3.0 UX Impact: What This Enables

3.1 Trust-Aware Recommendations

  • “3 of your trusted contacts already vetted this financial app for transparency.”
  • “This news source aligns with both your values and your reading circle’s habits.”

3.2 Delegated Judgment

  • “You often defer to Alice in tech tools. She recently revoked access to this one—want to review?”
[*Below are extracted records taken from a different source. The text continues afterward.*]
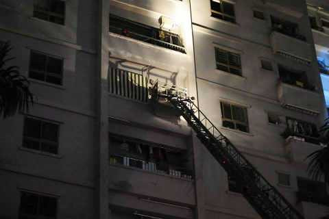 Theo chị Nguyên, khoảng 19h, chị đã thấy điện chập trờn bất thường nhưng không biết là nhà cháy. Khoảng 19h30, chị nhìn xuống dưới đường thì thấy còi xe cứu hỏa hú liên hồi. Lúc đó, chuông báo cháy tòa nhà vang lên, chị Nguyên mới hốt hoảng cùng con gái 8 tuổi và mẹ già 60 tuổi men theo cầu thang bộ thoát xuống phía sau tòa nhà.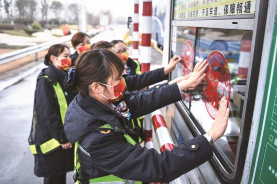 1月24日,在嘉興高速南湖收費站,南湖“紅船”巾幗服務(wù)隊的收費員們裝扮著收費站,向排隊等候取卡的駕駛員發(fā)放“福”字、防疫包和車載垃圾袋,送上一份暖暖的關(guān)愛。春節(jié)期間,收費員們將堅守崗位,用微笑服務(wù)春運,為高速公路暢通保駕護(hù)航。(王振宇)
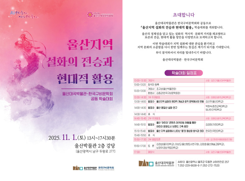 박물관 관계자는 “이번 학술대회는 연구자뿐 아니라 울산 설화에 관심 있는 시민이라면 누구나 무료로 참여할 수 있다”라며 “울산의 정체성을 담고 있는 설화 연구 성과를 함께 공유하는 뜻깊은 자리가 되길 바란다”라고 말했다.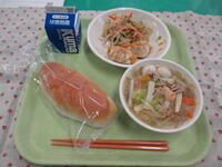 ミルクパン、牛乳、太平燕(タイピーエン)、焼きぎょうざ、もやしのナムル です。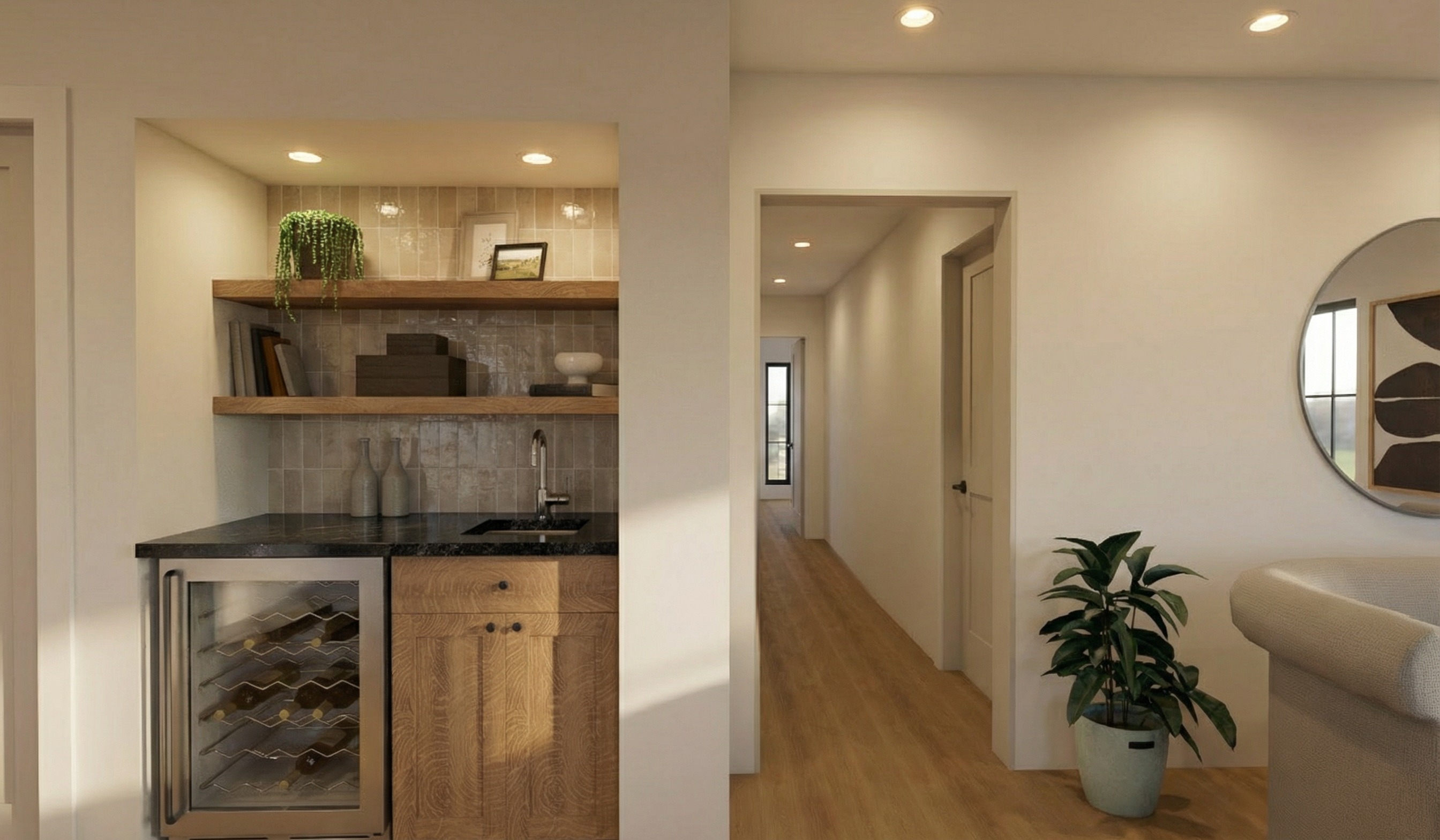 change the cabinet so that it s painted the color in the reference image everything else should stay exactly the same

3.3 Emergent Collective Wisdom

  • Anonymous, opt-in patterns across the network allow for:
  • Early detection of trust breaches
  • Elevation of values-aligned services
  • Collaborative filtering based not on behavior, but beliefs

4.0 Network Effects, Reimagined

Traditional network effects benefit the platform.
Consigliere’s network effects benefit the person.

Each new user improves:

  • The fidelity of value modeling
  • The nuance of negotiation defaults
  • The safety net for evaluating new agents or actors

The system gets smarter, not by aggregating your data,
but by interlinking your trust.


5.0 Quote

“A single conscience is powerful. A network of conscience is unstoppable.”
AIGORA Design Memo


6.0 Strategic Invitation

So yes—come for the autonomy.
But stay for the collective insight that only emerges
when trust is treated as a shared, living organism.

Let your Consigliere meet mine.

Let them help us build a future worth trusting.